If you want to call it a feature, its closer to N features: 1 for each feature you have. If you have 10 features, and add performance, the effort involved isn't like having 11 features. It's like having 20 features. The effect is multiplicative.

This is because performance is a cross cutting concern. Many times cross cutting concerns are easy to inject/share effort with. But not with performance. You can't just add an @OptimizeThis annotation to speed up your code. Performance tuning tends to be very specific to each chunk of code.

> And while the SQLite developers were able to do this work after the fact, the more 1% regressions you can avoid in the first place, the easier this work is.

That mention of regressions seems, IMO, a slightly out of left field attempt at dismissing how the SQLite example shows that you can, in fact, "make it fast" later. Maybe he should've a picked a different example entirely because it undermined his point a little bit.[1]

All in all, his entire thesis comes from talking about a typechecker, which is indeed a piece of software whose each component in general contributes to the performance of the whole. It isn't a set of disparage moving parts (at least, from what I remember of my time studying parsers in college), so it's very hard to optimize by sections because all components mostly feed off each other. Most software is not a typechecking tool, plenty (dare I say, most) of software does have specific bottlenecks.

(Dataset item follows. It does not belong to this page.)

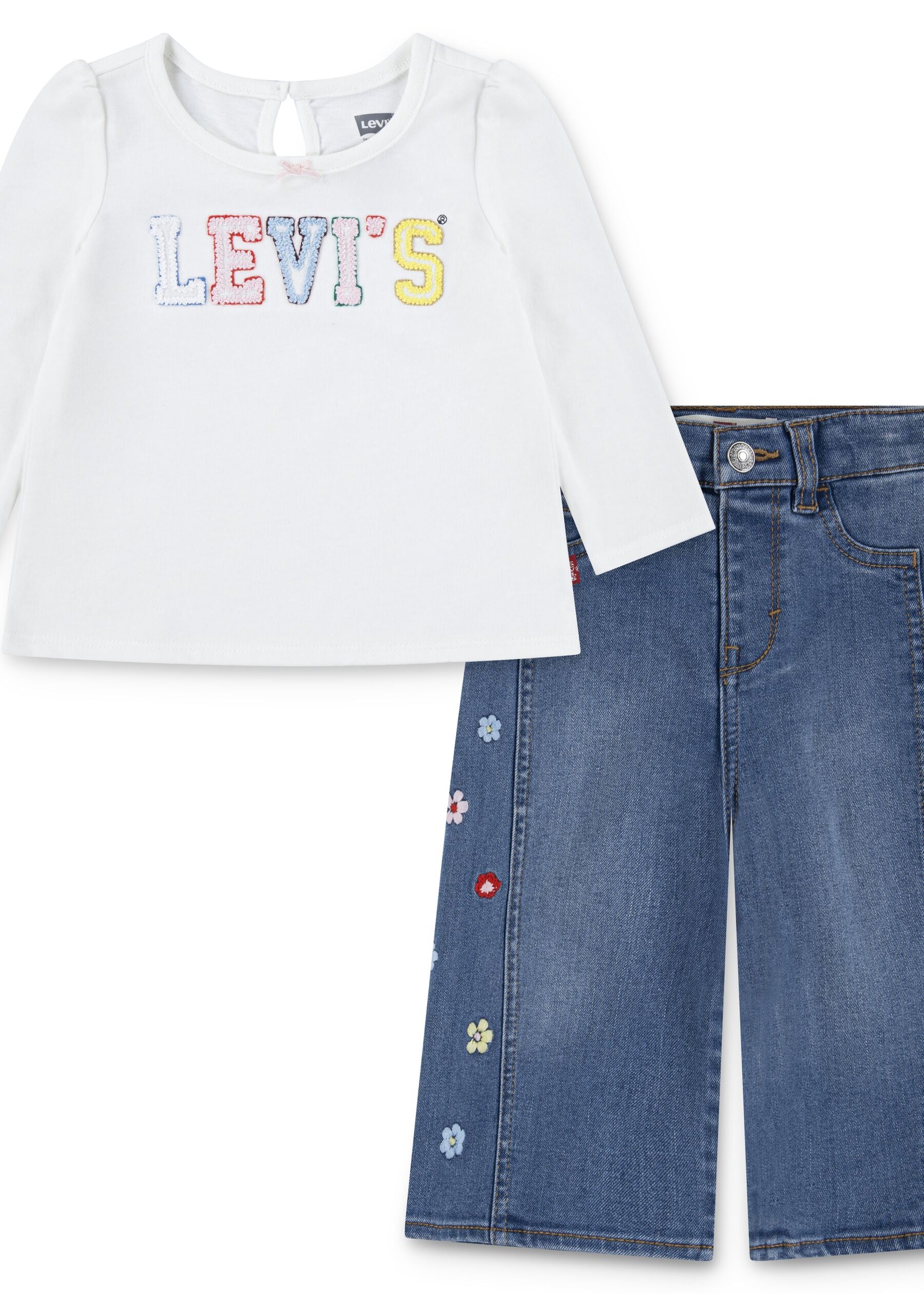 Completo 2 Pezzi Bambina con T-shirt Bianca e Jeans Ricamati | Levi’s

Though I do agree that, even if we aren't focusing on it right away, we should keep performance in mind from the beginning. If nothing else, making the application/system as modular as possible, so as to make it easier to replace the slowest moving parts.

[1] Which is a good thing IMO, as it highlights how this is all about trade-offs. "Premature optimization is the root of all evil", "CPU time is always cheaper than an engineer’s time", etc., are, in fact, mostly true, at least when talking about consumer software/saas: it really doesn't matter how fast your application is because crafting fast software is slower than crafting slow software, and your very performant tool is not used by anyone because everyone is already using that other tool that is slower but came out first.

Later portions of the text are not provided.